Let f(x)=4x+2 and g(x)=5x^2+4x
After Simplifying,
(fog)(x)=
To find the composition (f o g)(x), we need to substitute the expression for g(x) into f(x), which means replacing every occurrence of x in f(x) with g(x):
(f o g)(x) = f(g(x))
Let's simplify step by step:
Given f(x) = 4x + 2 and g(x) = 5x^2 + 4x
Substituting g(x) into f(x):
f(g(x)) = 4(g(x)) + 2
Replacing g(x) with its expression:
f(g(x)) = 4(5x^2 + 4x) + 2
Now, let's simplify further:
f(g(x)) = 20x^2 + 16x + 2
Therefore, after simplifying, (f o g)(x) = 20x^2 + 16x + 2.
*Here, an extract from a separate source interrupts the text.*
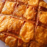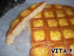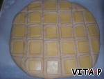 На тесте сделать надрезы около 5*5 см и в каждый квадратик вдавить по кусочку сыра

To find (fog)(x), we need to substitute the function g(x) into the function f(x).
Step 1: Replace every occurrence of x in f(x) with the function g(x).
f(g(x)) = 4(g(x)) + 2
Step 2: Replace g(x) with its expression.
f(g(x)) = 4(5x^2 + 4x) + 2
Step 3: Simplify the expression.
f(g(x)) = 20x^2 + 16x + 2
Therefore, after simplifying, (fog)(x) = 20x^2 + 16x + 2.